This seems to be a different form of the latter? I'd like to understand this path before giving r+; can you explain what's expected and what's going on?

@@ +1278,5 @@
> +
> +    // If this changes, might need to change what we write.
> +    MOZ_ASSERT(WasmMemoryObject::RESERVED_SLOTS == 2);
> +
> +    Rooted<WasmMemoryObject*> memoryObj(context(), &CheckedUnwrap(obj)->as<WasmMemoryObject>());

Doesn't this need to check if memoryObj is nullptr and ReportAccessDenied(context())?

@@ +2001,5 @@
>  bool
>  JSStructuredCloneReader::readSharedArrayBuffer(uint32_t nbytes, MutableHandleValue vp)
>  {
> +    uint32_t byteLength;
> +    in.readBytes(&byteLength, sizeof(byteLength));

All of the readBytes() calls here (new and existing) should check the return value. I thought we'd done MOZ_MUST_USE on it, but it looks like not. Doing that would require fixing up at least one other place that I see. Filed bug 1417558.

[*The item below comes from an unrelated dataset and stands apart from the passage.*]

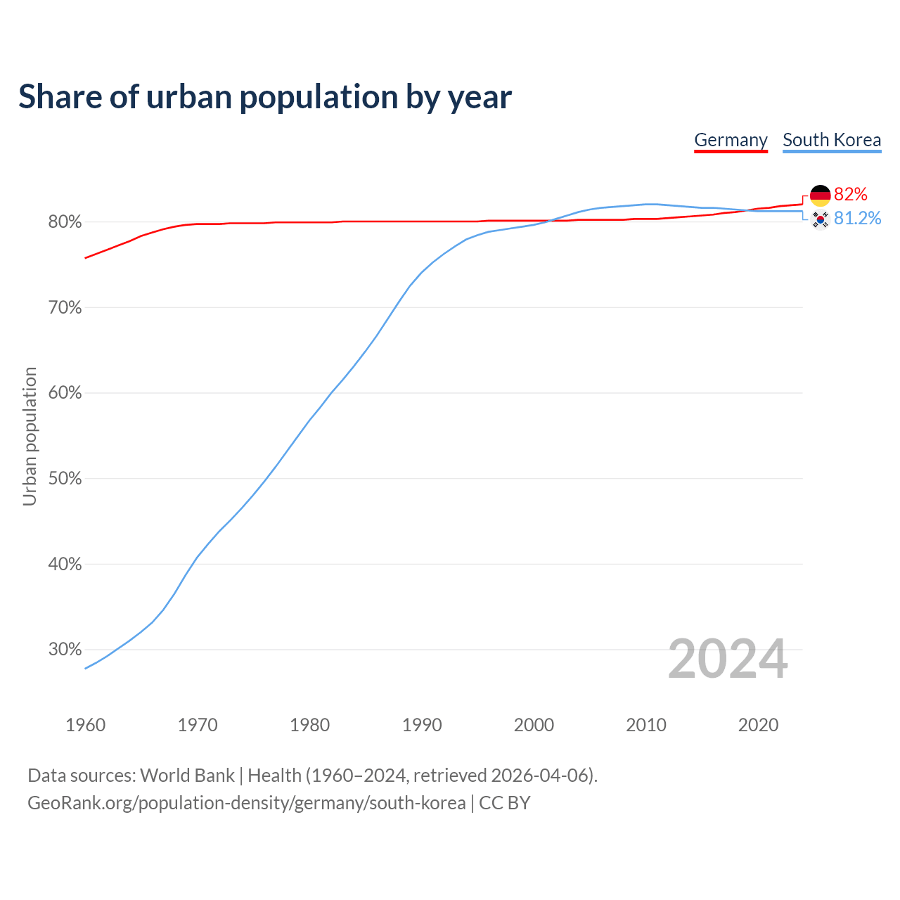 From 2004 to 2024, the share of urban population changed from 80.2% to 82% in Germany and from 81.1% to 81.2% in South Korea.

If it's a pain to in.reportTruncated() here, it'd still be better to MOZ_CRASH.

Comment 13

[Lars T Hansen [:lth]]

(In reply to Steve Fink [:sfink] [:s:] from comment #12)
> Comment on attachment 8925900 [details] [diff] [review]
> bug1412852-structured-clone-wasm-shared-memory-object.patch
> 
> Review of attachment 8925900 [details] [diff] [review]:
> -----------------------------------------------------------------
> 
> ::: js/src/vm/StructuredClone.cpp
> @@ +1256,5 @@
> >          return false;
> >  
> > +    // We must serialize the length so that the buffer object arrives in the
> > +    // receiver with the same length, and not with the length read from the
> > +    // rawbuf - that length can be different, and it can change at any time.
> 
> So how does that work? What happens if I have half a dozen in-flight clone
> buffers and the length shrinks to less than what is stored in those buffers?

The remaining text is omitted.